Par Paul Robinson

Les informations selon lesquelles des troupes russes se « massent » près de l’Ukraine visent à présenter le pays en légitime défense comme l’agresseur.

Par Paul Robinson, professeur à l’Université d’Ottawa, spécialiste de l’histoire russe et soviétique, de l’histoire militaire et de l’éthique militaire.

Source : RT, 5 avril 2021

Traduction : lecridespeuples.fr

Alors que les tensions s’intensifient dans l’est de l’Ukraine, le vrai danger n’est pas une invasion russe, mais que le gouvernement ukrainien fasse interprète les signaux de soutien américains comme un feu vert pour lancer une attaque contre les Républiques rebelles du Donbass.
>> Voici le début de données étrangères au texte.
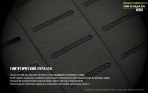 Hypalon — это материал, который обладает значительно небольшим весом, сравнительно высокой прочностью и отличной устойчивостью от воды и грязи. Материал обладает превосходной устойчивостью к разрыву и имеет специальное применение в строительстве штурмовых судов. За счет использования высокоточного лазера, который обеспечивает высокоточную резку материала, и преимуществом такой технологии является то, что лазер создает чистый и гладкий край, который никогда не распуститься и прослужит продолжительный период активного использования. Также огромным преимуществом использованной системы 6/12, является то что она рассчитана на размещение модульных карманов, что позволит Вам расширить место хранения переносимых предметов.

La Russie est sur le point d’envahir l’Ukraine. Du moins, c’est ce que vous pensez probablement si vous croyez les gros titres récents des médias dominants. « Les tensions montent en flèche alors que la Russie masse ses forces près de l’est de l’Ukraine », déclare le Kiev Post. « Les troupes et les chars russes se massent à la frontière ukrainienne », déclare le Sun britannique. La Russie « inonde la Crimée de trains remplis de chars », affirme le Daily Mail. Etc., etc.

Les ruines du monastère des femmes Iversky à la périphérie du village de Veseloe, dans la région de Donetsk.

Depuis le printemps 2014, l’armée ukrainienne combat les forces rebelles dans le Donbass, dans l’est de l’Ukraine. Le gouvernement ukrainien a longtemps accusé la Russie de soutenir, d’armer et de financer les rebelles, mais il prétend maintenant que Moscou pourrait aller encore plus loin. Selon l’agence de presse de Kiev, UNIAN, « la Russie pourrait tenter de faire une incursion et déployer ses troupes plus profondément sur le territoire ukrainien, a rapporté l’agence de renseignement militaire ukrainienne, GUR MO ».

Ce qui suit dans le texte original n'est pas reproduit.